Gold fell further in London dealing on Tuesday, extending its discount to 3.2% from Friday's record high against the US Dollar as world stock markets and raw materials bounced sharply.
The US Dollar eased back, losing 1% from yesterday's four-year high to the Euro.
Government bonds were little changed.
The Greek government today received the first €20 billion ($25bn) of its €110bn European rescue package.
Athens has an €8.1bn bond repayment due on Wednesday.
"Gold still looks vulnerable to more sell-offs, as stocks and the Euro look capable of rebounding," says one Asian trader in a note.

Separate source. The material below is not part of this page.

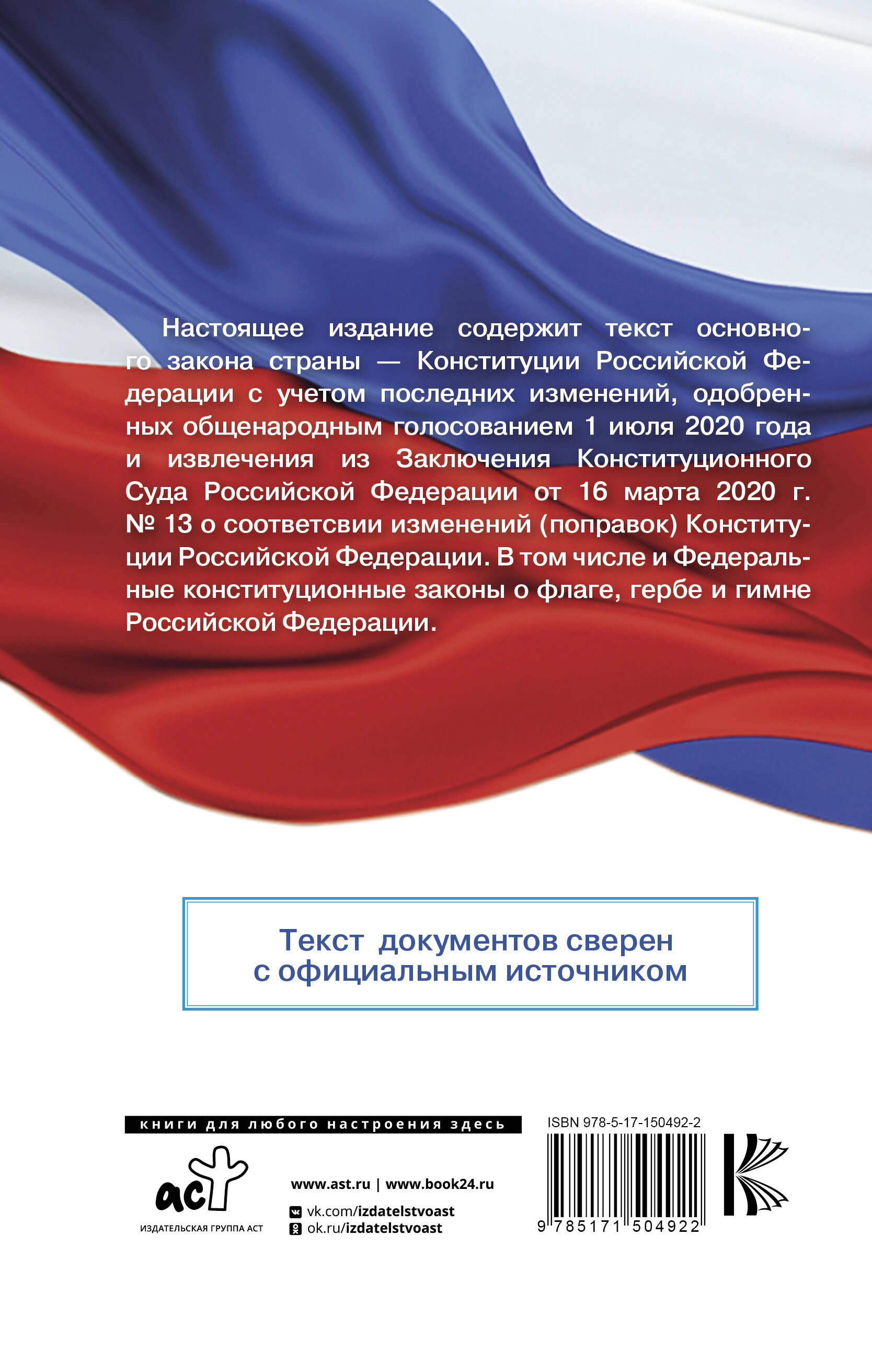 Настоящее издание содержит текст основного закона страны - Конституции Российской Федерации с учетом последних изменений, одобренных общенародным голосованием 1 июля 2020 года. Изменения в Конституции РФ обеспечивают верховенство российского права, гарантируют недопустимость изменения границ РФ, изменяют систему государственного управления, расширяют полномочия Государственной Думы, в соответствии с ними создается Государственный совет. В Конституции закреплены приоритеты социальной политики государства, уровень МРОТ не ниже прожиточного минимума, ежегодная индексация пенсий, пособий и социальных выплат. Президенту РФ, высшим государственным чиновникам, депутатам Государственной думы и сенаторам, губернаторам, прокурорам и судьям запрещается иностранное гражданство и владение зарубежными банковскими счетами. Для широкого круга читателей| Издательство | АСТ |

"Support at low $1210s will be given stern test."
"Gold seems to be losing momentum," agrees Walter de Wet at Standard Bank, adding that the metal "failed to rally yesterday, even though risk metrics such as the VIX jumped higher and other commodities pushed lower."
The first two weeks of May saw US crude oil contracts drop almost 19%. The Gold Price added 5.8%.
"We believe that gold's downside is better protected than most metals," de Wet continues, "but still we'd look for a further correction lower before we'd see value in adding new longs."
WTI crude oil contracts today jumped back above $70 per barrel. The Gold Price in Dollars slipped to $1208 an ounce.
Silver Prices unwound almost all of last week's 8.0% jump, dipping below $18.70 an ounce.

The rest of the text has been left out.